Lactobacilli, streptococci, and bifidobacteria are now the most common probiotics bacteria utilised in human diets, supplements, and/or animal feed (Gibson and Roberfroid 1995). Additionally, E. coli and Saccharomyces boulardii are routinely used (Martins et al. 2009). The European Food Safety Authority (EFSA) acknowledged the advantages of using various probiotics as parts of animal feed for a variety of bacteria, whereas the sole recognised claim for humans at the moment is the advantage on lactose digesting (De Simone 2019). However, scientific evidence is mounting that certain probiotics strains or combinations of strains could be useful in a variety of conditions. Effects might be direct or indirect, depending on whether the probiotics bacteria interact with the commensal microbiota (Timmerman et al. 2007).
6.2 Prebiotics
Prebiotics were initially characterised in 1995 and the recent, improved meaning specifies that a prebiotic is “a preferentially fermented element which leads in particular alteration in the makeup as well as the gut microbiota’s functions, imparting advantages on host health” (Cani and Delzenne 2009). Rather than focusing exclusively on the “bifidogenic impact,” this enlarged definition aims to include changes in additional advantageous gut microbiota members (Gibson et al. 2017). Prebiotics that are now in use are primarily poorly digested carbohydrates with a relatively short chain length that are categorised based on their molecular weight. Prebiotics are classed as mono, oligo, or polysaccharides based on their degree of polymerisation. Carbohydrates, on the other hand, can be classed as digestible or non-digestible depending on their physiological and biochemical features (Yoo et al. 2012). Non-digestible carbohydrates are more commonly used to modify the gut microbiota than digestible carbohydrates because they can have several effects mediated by diverse metabolic pathways, such as glucose and lipid metabolism, inflammatory responses, and even changes in appetite control (Louis et al. 2014). Furthermore, the prebiotic index, which measures the absolute increase in bifidobacteria without mentioning the impact on other microbial inhabitants of the gut, is still often used to describe prebiotic effectiveness (Ouwehand et al. 2005).
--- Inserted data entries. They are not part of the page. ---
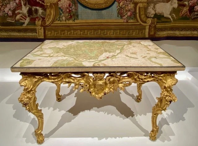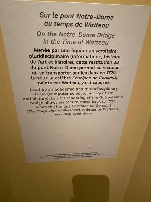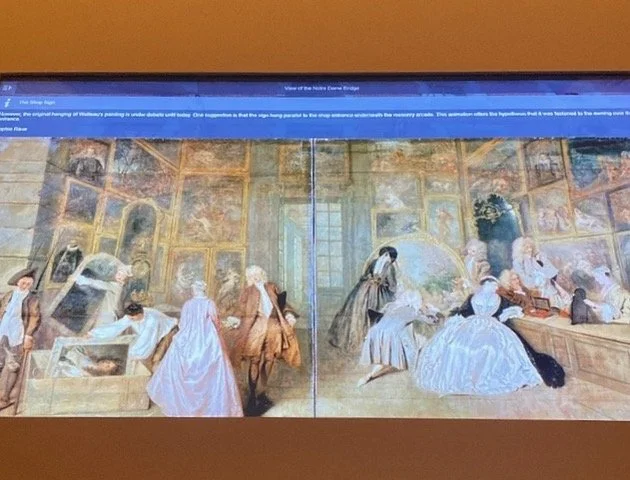 The piece de resistance at the Cognacq-Jay exhibition was a life-size recreation of one of my favorite paintings of all times, Antoine Watteau’s l’Enseigne de Gersaint, (The Shop Sign of Gersaint), (Fig. 20). Watteau painted it in 1720 for the marchand-mercier, (and art dealer) Edme François Gersaint. Created as a shop sign, it shows the interior of Gersaint’s shop, though considerably exaggerated since it was basically a closet size public space with a back room. But its location was perfect - on the medieval Pont Notre-Dame. Watteau’s painting is featured at the Carnavalet, too, as an interactive, 3-D map that you can manipulate to see the shop from a variety of angles as you cross the bridge where it stood. (Figs. 21, 22)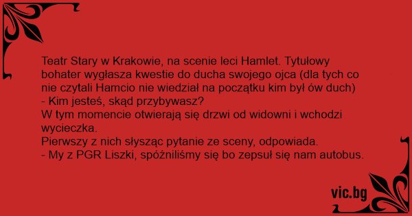 Teatr Stary w Krakowie, na scenie leci Hamlet. Tytułowy bohater wygłasza kwestie do ducha swojego ojca (dla tych co nie czytali Hamcio nie wiedział na początku kim był ów duch)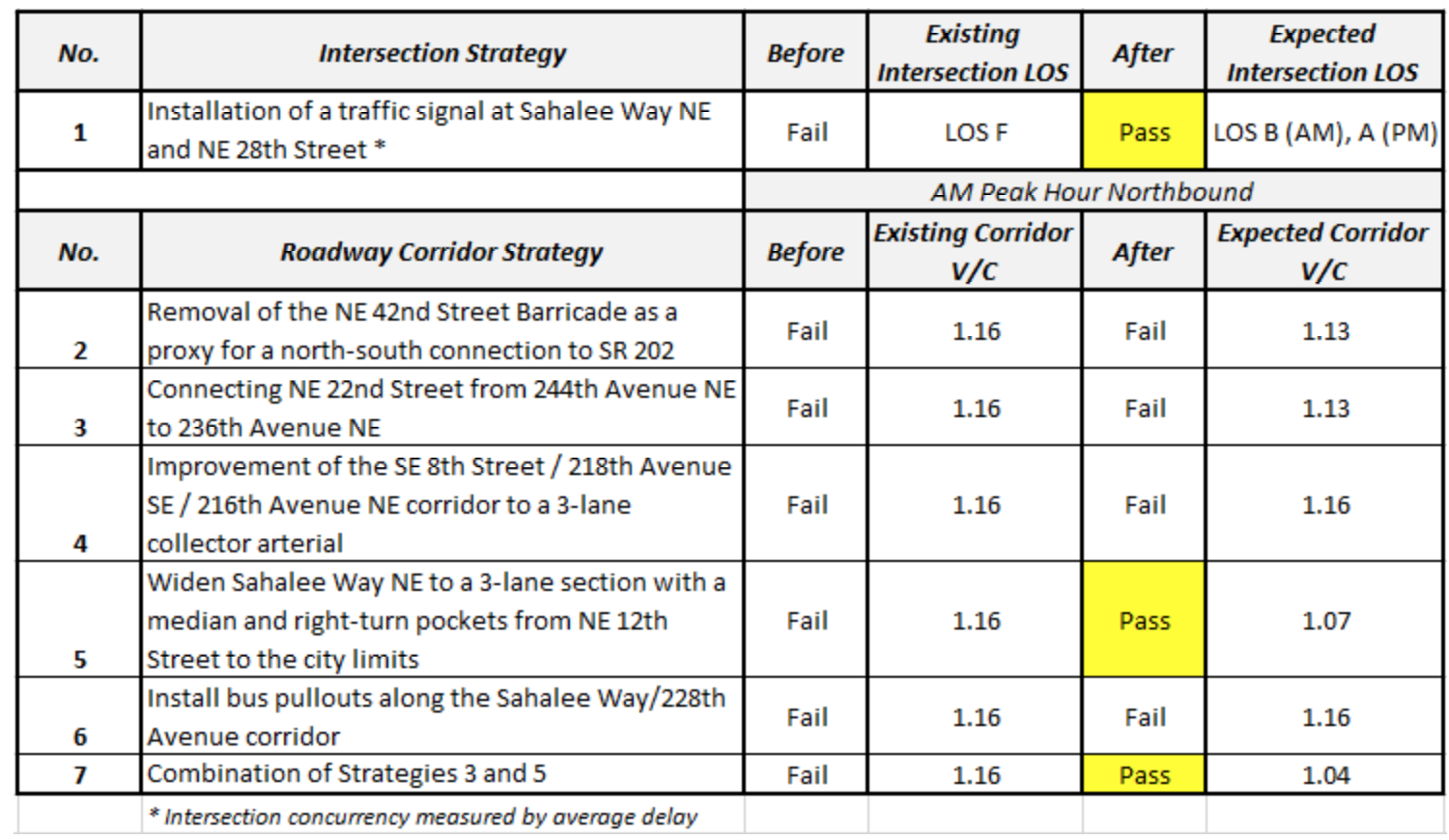 With direction from city staff, the city’s traffic modeler, David Evans and Associates (DEA), tested the effects of seven strategies to improve operations on the failing corridor. The following table illustrates the strategies the City could implement and their impact on the V/C for the failing corridor. Only the AM Peak Hour Northbound is shown because that is when the corridor is most congested.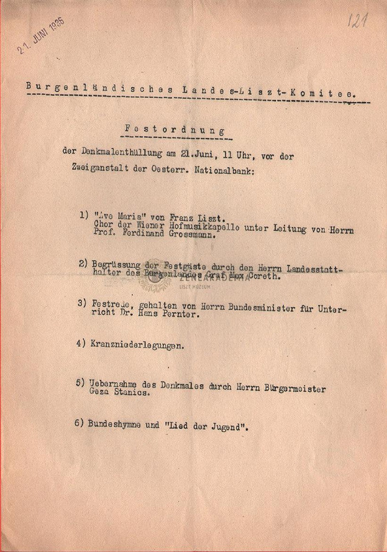 - A kismartoni Liszt-ünnepségek műsora.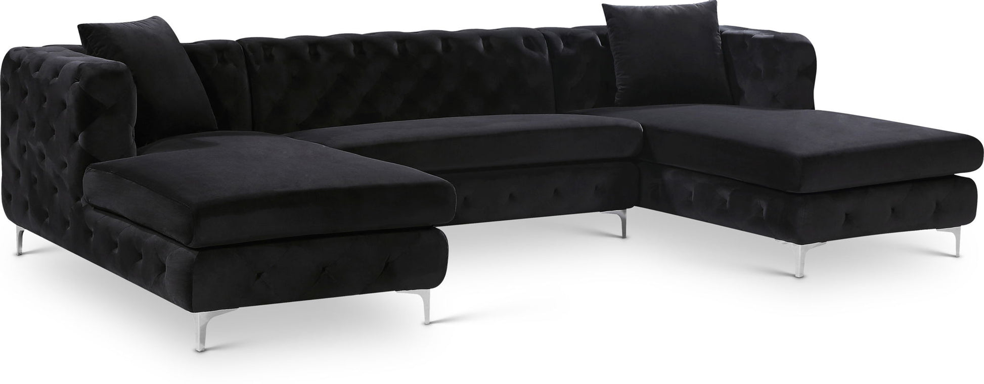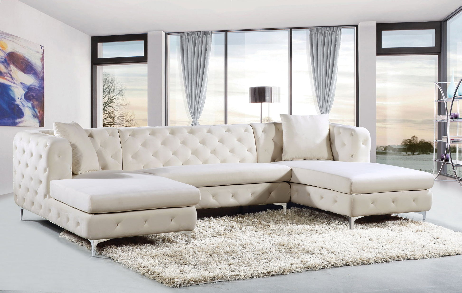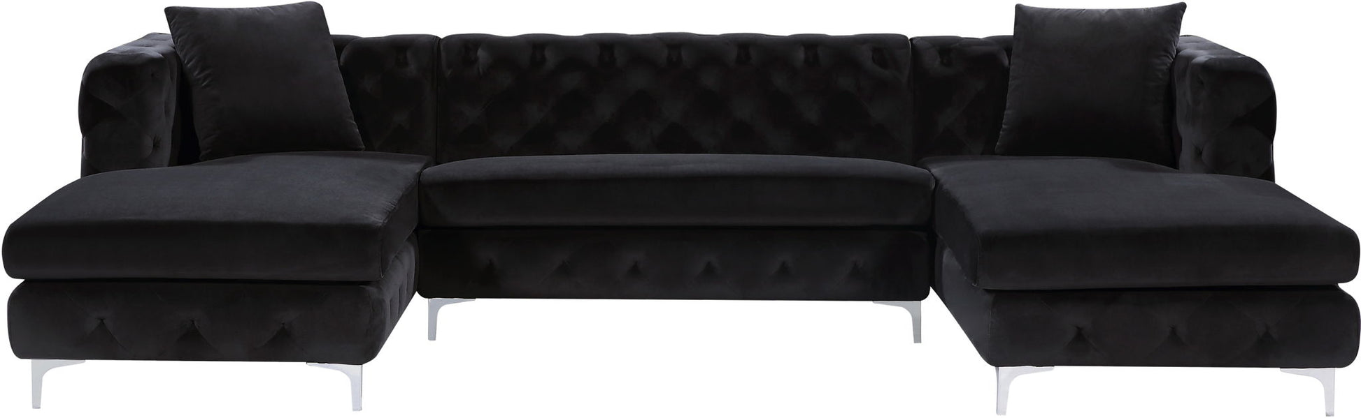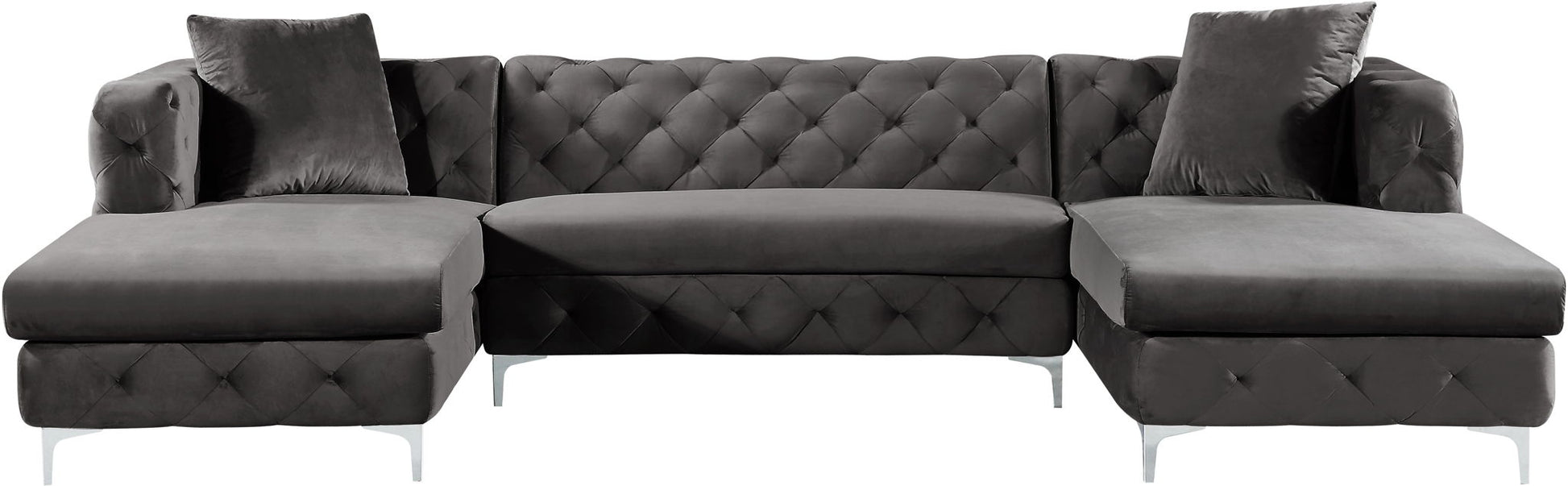 Bring fine living to the forefront with this Gail sectional. This-colored sectional features two chaise ends, giving you the room you need to snuggle up and get comfortable on movie night. The upholstery is made from velvet and simply luxurious to the touch. Deep tufting all over the backs and sides of this unit add to its glamorous vibe, while thed legs finish off the design on a modern note. This sectional comes with pillows for added comfort and style.

Prebiotics work as cultivation medium to specifically raise the figures along with performance of specific microbes present in the colon, enhancing their development or participation. Information from Metagenomic research contrasting the gut flora of healthy and ill persons allows for the identification of bacterial species that are suppressed beneath certain illness states (Grice and Segre 2012). Specific growth tests can then be conducted under increasingly sophisticated settings to uncover substrates that might specifically encourage the functioning or development of specific bacteria, when prebiotics are provided; this will eliminate the dysbiosis related to the condition (Roberts and Darveau 2015).
6.3 Antibiotics
Since the discovery of antibiotics in the 1940s and the start of their mass production, the consequences of these medications on the native gut microorganisms have been extensively studied (Modi et al. 2014). Antibiotics have been used for decades to inhibit the spread of bacterial pathogens and, as a result, to treat bacterial illnesses (Unemo and Shafer 2011). They are used to boost the effectiveness of animal feeding. However, the rapid development of virulence genes in bacteria allows them to withstand these antibiotics. Recent research has proven that antibiotic usage has an influence on gut health (Tuchscherr et al. 2020). These have a lot of negative health implications. Even though antibiotics save millions of lives, they also reduce residential bacteria, which are essential for gut health (Fijan 2014).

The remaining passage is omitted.